▶ **WHAT THIS TASK INVOLVES**: In the listing below, find the line containing "After online period" and the line containing "Celebrate the longest", then copy exactly everything from the first through the second, except the pictures.

▶ **AVAILABLE DATA**:
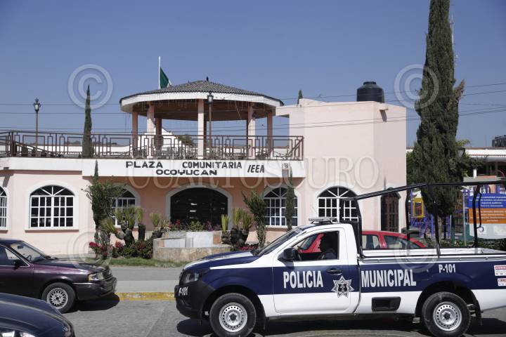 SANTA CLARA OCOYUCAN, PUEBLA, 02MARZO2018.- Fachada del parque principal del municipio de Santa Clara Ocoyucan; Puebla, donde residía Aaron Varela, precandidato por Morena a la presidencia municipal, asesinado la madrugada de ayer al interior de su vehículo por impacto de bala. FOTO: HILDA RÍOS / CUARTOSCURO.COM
* * *
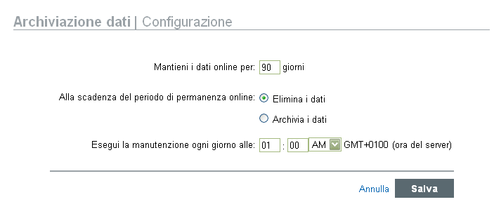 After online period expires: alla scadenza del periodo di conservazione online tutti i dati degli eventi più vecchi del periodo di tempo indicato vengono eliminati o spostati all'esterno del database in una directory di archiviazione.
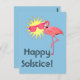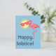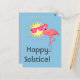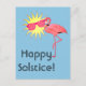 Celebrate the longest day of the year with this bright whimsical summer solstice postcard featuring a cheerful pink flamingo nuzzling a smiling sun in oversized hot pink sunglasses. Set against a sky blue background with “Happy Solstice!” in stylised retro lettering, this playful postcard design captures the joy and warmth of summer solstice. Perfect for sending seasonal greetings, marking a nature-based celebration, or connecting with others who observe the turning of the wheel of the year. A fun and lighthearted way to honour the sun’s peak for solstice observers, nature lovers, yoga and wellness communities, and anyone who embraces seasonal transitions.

▶ **SOLUTION TO THE EXERCISE**:
 After online period expires: alla scadenza del periodo di conservazione online tutti i dati degli eventi più vecchi del periodo di tempo indicato vengono eliminati o spostati all'esterno del database in una directory di archiviazione.
 Celebrate the longest day of the year with this bright whimsical summer solstice postcard featuring a cheerful pink flamingo nuzzling a smiling sun in oversized hot pink sunglasses. Set against a sky blue background with “Happy Solstice!” in stylised retro lettering, this playful postcard design captures the joy and warmth of summer solstice. Perfect for sending seasonal greetings, marking a nature-based celebration, or connecting with others who observe the turning of the wheel of the year. A fun and lighthearted way to honour the sun’s peak for solstice observers, nature lovers, yoga and wellness communities, and anyone who embraces seasonal transitions.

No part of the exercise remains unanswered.